The first learning is to always enjoy the adventure. There are many things that happen in our lives, some of them expected and chosen, others that are unexpected and shocking. We don’t always get to choose what happens in our lives, but we do get to choose how we respond. Many of us have heard this saying, but few of us have been able to live it out. Over and over again this past year, we have had the opportunity to be focused on what is happening right around us or to enjoy the adventure – many times not knowing where it was going to end up. I loved driving through Nebraska (for the firs 30 minutes), Colorado, through the Rockies, across Utah, the tight valley in Arizona and the beginning of Nevada. It was amazing getting to see places I had never seen, though many of the mountain miles were a lot more relaxing in our car versus when we were in the Penske moving truck. Those were easy times to enjoy the adventure, things were new, fun, refueling, exciting. Over the next weeks and months, very little turned out the way we thought that it would and we had to choose to enjoy the adventure or let the unstable and unexpected bring us to frustration and regret. There were moments and days that life felt much more like a train wreck than an adventure, but after a year we are celebrating the adventure of new people, new community, new experiences (nothing like living in Vegas), and new opportunities.

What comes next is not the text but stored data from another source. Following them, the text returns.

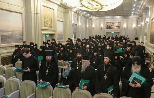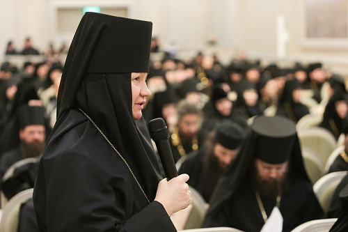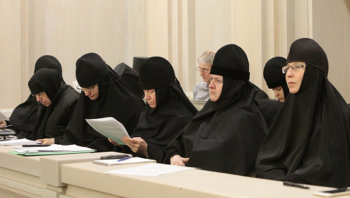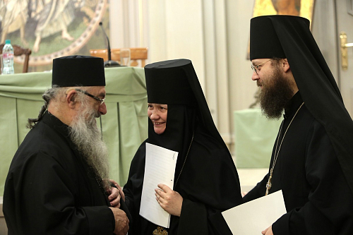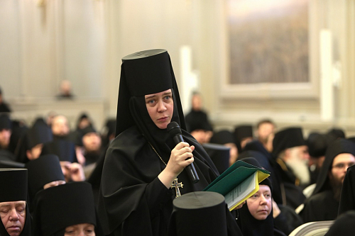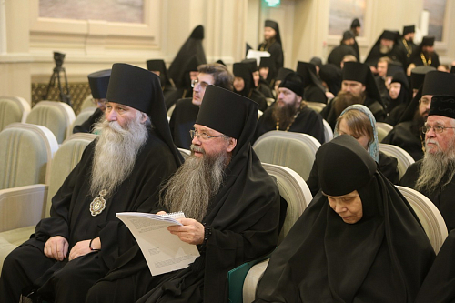 Особенный интерес и живой отклик вызвал доклад архимандрита Тихона (Шевкунова). В своих рассуждениях он глубоко и разносторонне раскрыл проблему оставления монашества и убедительно показал, что источник этой проблемы − в недостатке подлинной, живой веры. В рамках работы Комиссии Межсоборного присутствия группой специалистов во главе с архимандритом Тихоном было подготовлено глубокое исследование, посвященное каноническим вопросам, связанным с оставлением монастыря и монашества. В ближайшее время, после определенных дополнений и доработок, оно сможет быть представлено монастырям в качестве рекомендаций.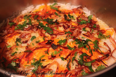 Next soak the rice for about 15 mints. Then in a pan add water, oil and salt to taste. Drain the excess amount of water and add it to the boiling water. Cook the rice till it is half done. then remove immedietly and strain it out. Take a dish which is deeper, put the marinated chicken and level it up. Take a spoon and nog it on the top, to make a nice leavel. Then cook it for about 15 mints with lid. To this take half cooked rice and sprinkle on top and nicely spread the rice. Then add Coriander leaves, mint leaves, fried onion and Safron water on top. Then Put a tight lid. Cook it for 30 mints, 5 mints at high flame, 15 mints at medium, 10 mints in law heat.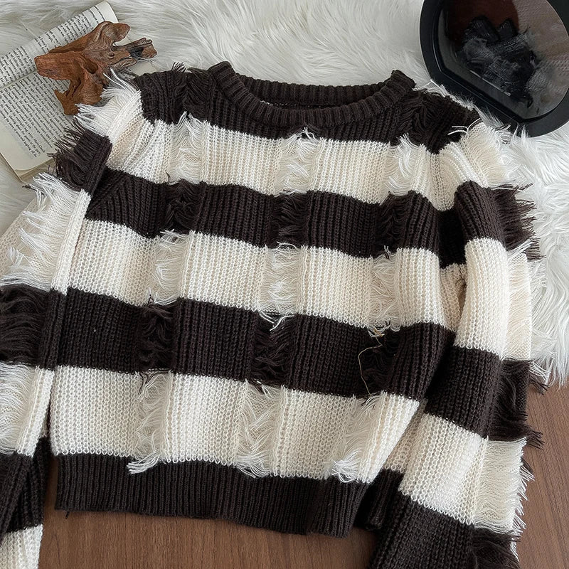 Hnewly Loose Stripe Hole Knitted Sweater Women's 2025 Autumn Winter New Retro Japanese Short Pullover Tassel Versatile Tops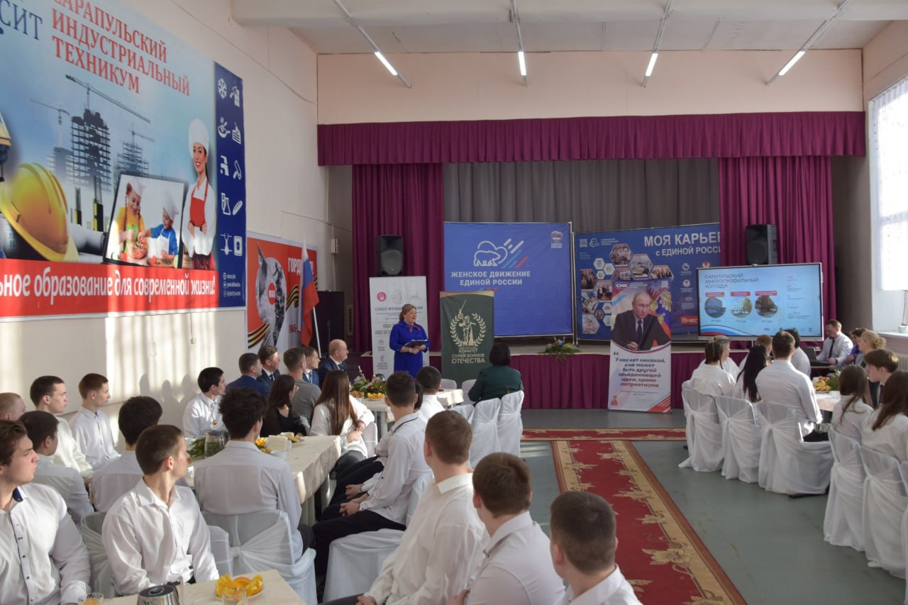 В Сарапульском многопрофильном колледже собрались депутаты Сарапульской городской Думы, представители промышленных предприятий, общественные деятели, успешные выпускники колледжа, руководители спортивных организаций и студенты, показавшие высокие результаты в учёбе и общественной жизни.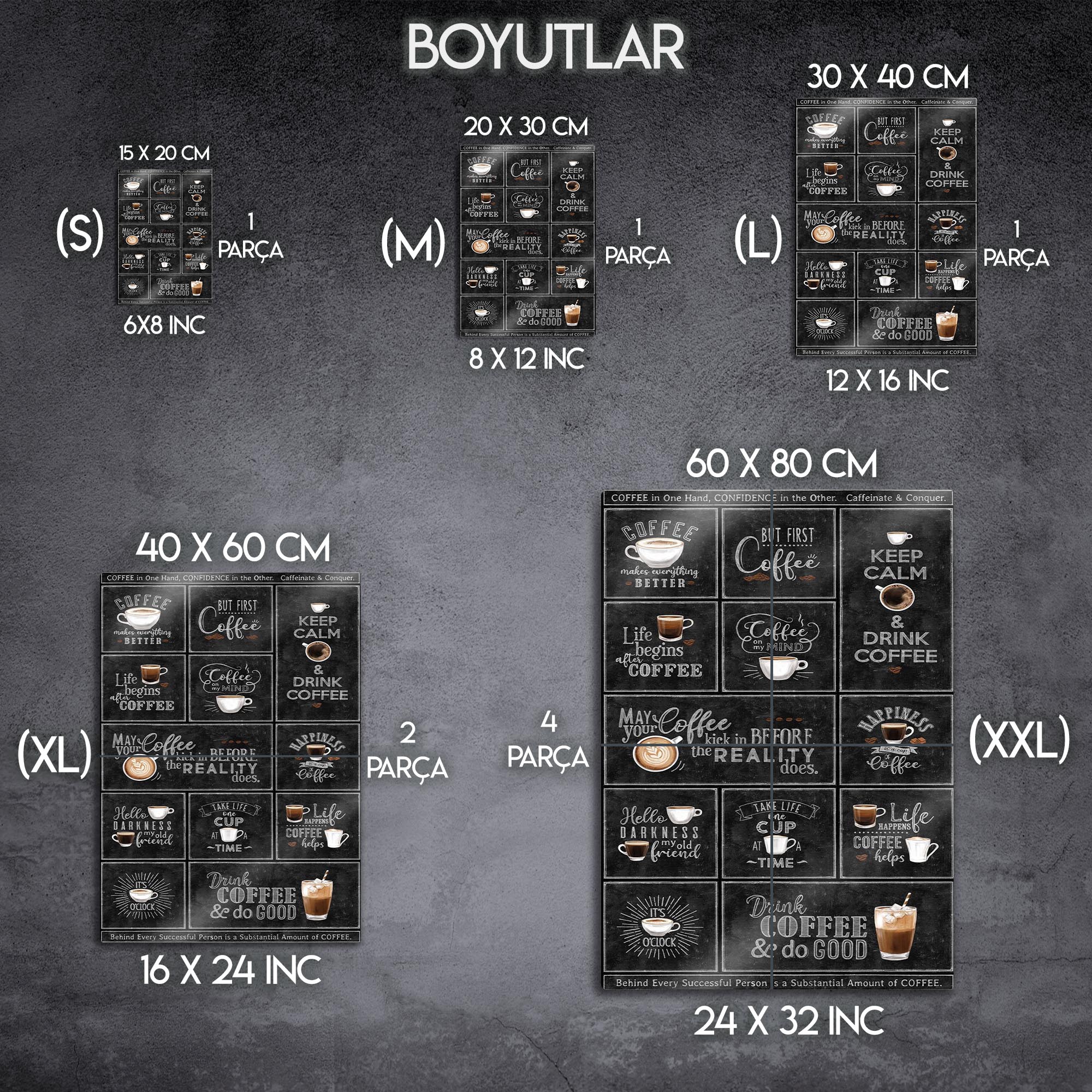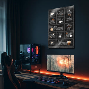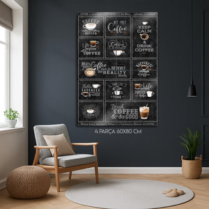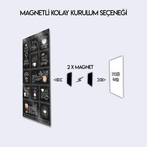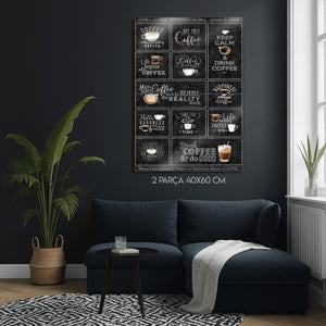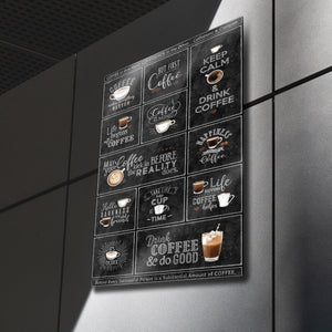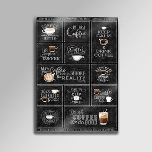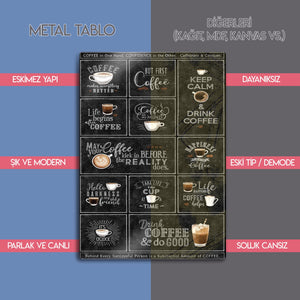 Kahveye olan tutkunuzu duvarlarınıza yansıtmanın en şık yolu! Bu eşsiz metal tablo, "But First, Coffee", "Keep Calm & Drink Coffee", "Life begins after Coffee" gibi en sevilen kahve sözlerini ve mottolarını, otantik bir kara tahta (chalkboard) tasarımıyla bir araya getiriyor. Her bir kutucuk, kahve severlerin ruhuna dokunan farklı bir mesaj ve illüstrasyon içeriyor.

We are becoming people who choose to enjoy the adventure of life, that choose to experience the new, and dream of the possibilities that could become reality. No matter what happens, I think it is important to choose to enjoy the adventure of where our lives bring us. We have been blessed over the past years to experience adventures that have shaped us, encouraged us, developed us more into who God is creating us to be. I encourage all of us to enjoy the adventure.